WORK INSTRUCTION: Would you please copy the part of the material below that opens with the line containing "This will destroy" and closes with the line containing "24 Mini Karten"? Copy it exactly, and only it.

RECORDS PROVIDED:
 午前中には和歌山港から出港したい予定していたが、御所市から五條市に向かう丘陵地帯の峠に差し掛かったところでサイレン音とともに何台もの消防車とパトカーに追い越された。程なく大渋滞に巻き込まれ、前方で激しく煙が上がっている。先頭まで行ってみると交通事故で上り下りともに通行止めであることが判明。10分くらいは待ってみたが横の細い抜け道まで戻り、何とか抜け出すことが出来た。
==
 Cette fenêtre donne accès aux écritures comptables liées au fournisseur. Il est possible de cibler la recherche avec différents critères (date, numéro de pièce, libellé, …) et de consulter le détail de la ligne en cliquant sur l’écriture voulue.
--
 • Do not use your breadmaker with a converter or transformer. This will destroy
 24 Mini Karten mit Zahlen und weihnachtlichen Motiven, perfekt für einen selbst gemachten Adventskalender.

EXERCISE OUTPUT:
 • Do not use your breadmaker with a converter or transformer. This will destroy
 24 Mini Karten mit Zahlen und weihnachtlichen Motiven, perfekt für einen selbst gemachten Adventskalender.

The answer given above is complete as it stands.